Дача: роскошный бабушкин сад, семнадцать соток земли в подмосковном местечке Болшево, огромный дом с верандою, летний флигель, два погреба… Неподалёку – река Клязьма, на которую взрослые иногда ходили купаться и брали его с собой. Прогулка на Клязьму была целым приключением. Сначала шли вдоль выкрашенного голубой краской нескончаемого «глухого» забора папанинской дачи, где-то на территории которой, как поговаривали взрослые, находилась тайная чья-то могила… Потом – мимо старой кожной больницы с одноэтажными деревянными домиками, возле которых прогуливались в лесу больные в застиранных белых пижамах. Дальше – за железнодорожный переезд. По пути к нему в летний зной всегда стрекотали в траве неугомонные кузнечики, и в воздухе стоял густой запах полыни, клевера и каких-то полевых трав, а горячая жёлтая пыль под ногами так и подгоняла искупаться. Но у переезда нельзя было торопиться: здесь пути делали поворот, из-за которого в любой момент мог вылететь пригородный поезд. Всякий раз Костя провожал взглядом, сколько мог, блестящие рельсы, убегавшие за насыпь, поросшую иван-чаем, и манившие его за собой… За переездом тропинка вела на пригорок, в узкий проулок между серыми дачными заборами, утопавшими в яблонях, вишнях и кустах шиповника, под которыми скрывались от жары кошки. Оставалось пройти совсем немного: мимо обнесённой оградой жёлтой церкви, в которой пел прекрасный хор, а в стенах были ниши с захоронениями, и дальше – тенистым коридором из кустов акации к Колхозной площади, где продавали квас из бочки и уже веяло речной прохладой. А ещё несколькими шагами ниже виднелся мост через Клязьму, пляж и утопавшие в зелени кирпичные дома на другом берегу реки. Ходить на Клязьму Косте очень нравилось, но эти прогулки были нечастыми. Чаще ему приходилось сидеть на даче.
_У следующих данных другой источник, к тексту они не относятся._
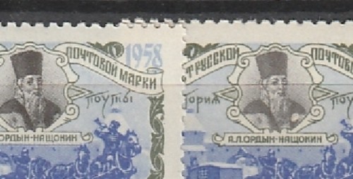 СССР 1958 г, А. Ордын-Нащекин, Белое Пятно на Бороде, Разная Бумага, 2 марки

Днём чёрно-белый «Горизонт», ещё ламповый, дарил чемпионат Европы по футболу, а вечерами – австралийский телесериал «Шансы», в котором только-только просачивалась на экран беспардонная эротика. Она казалась даже слишком откровенной для неискушённого советского зрителя. Но не только эта «запретная» сторона привлекала Костю в австралийском фильме: ему были интересны герои, их характеры, сложные и противоречивые чувства, влиявшие на поступки. Фильм был определённо «взрослым», но родные не запрещали Косте его смотреть: ему бесполезно было что-либо запрещать. Бабушка подтягивала к телевизору кресло и садилась вместе с внуком «смотреть кино», время от времени восклицая: «Какой ужас!..»
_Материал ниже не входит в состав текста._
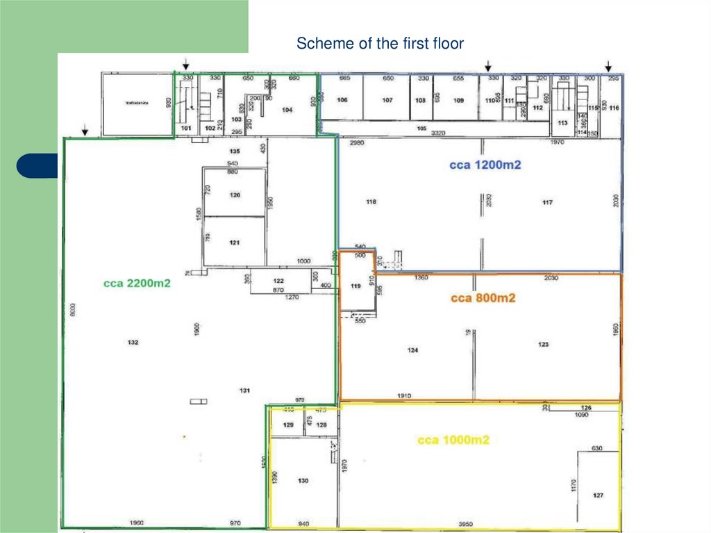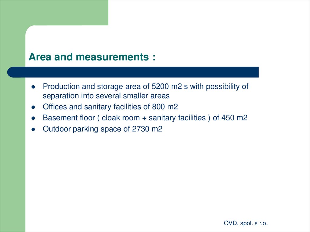 Production and storage area of 5200 m2 s with possibility ofseparation into several smaller areas

Огромный сад с фруктовыми деревьями, посаженными в шахматном порядке, с растущими вдоль забора вишнями, с кустами смородины и крыжовника, малины и ежевики, и огород с теплицей и бесчисленными грядками составляли семейные владения. Взрослые что-то беспрестанно сеяли, сажали, рыхлили, пололи, подкапывали, поливали… Собирали громадные урожаи и делали всевозможные заготовки в невообразимых количествах, которые накапливались год за годом, и либо раздавались родственникам, либо в конце концов отправлялись на выброс. В погребе хранились банки поза- и прошлогодней, трёх-, пяти-, а то и десятилетней давности…
Ближе к осени занимались сбором яблок. Яблочный урожай, как правило, был огромным. Снятые яблоки почему-то назывались «съёмными»; они сортировались и складывались в глубокие деревянные ящики, заранее принесённые из продовольственного магазина, после чего с огромным трудом опускались в погреб, и лишь пара ящиков увозилась в городскую квартиру. За зиму яблоки, естественно, в погребе сгнивали, и весной с ещё большим трудом их извлекали наружу, выгружали из ящиков и тачками отвозили на помойку, почему-то прозванную в семье «Аскольдовой могилой». Эта история повторялась год за годом.
Садоводство и земледелие Костю совершенно не привлекали, и он в них почти не участвовал. Зато родители почти всё свободное время трудились, не покладая рук, в саду и в огороде под руководством бабушки; они были спокойны за предоставленного самому себе отрока: он далеко не уходил с участка, да и пойти ему было особо некуда. А в душе что-то назревало, томили смутные предчувствия и догадки о другой жизни, жизни за забором, ограждавшим дачу, казалось, от целого мира… Костя не понимал, почему взрослые всё время должны заниматься этой скучной, рутинной работой, после которой, как правило, у них что-нибудь болело, из-за чего они не могли ни поиграть с ним, ни прогуляться к пруду. Не понимал он и того, почему всей семьёй они не могли поехать к морю или хотя бы сходить в кино, в парк аттракционов или уж, на худой конец, в кафе. Никто из родных не мог толком ответить ему на эти вопросы. «Какое тебе море? Ты без конца болеешь. Сиди уж лучше на даче. У нас здесь так хорошо!» – говорила мать.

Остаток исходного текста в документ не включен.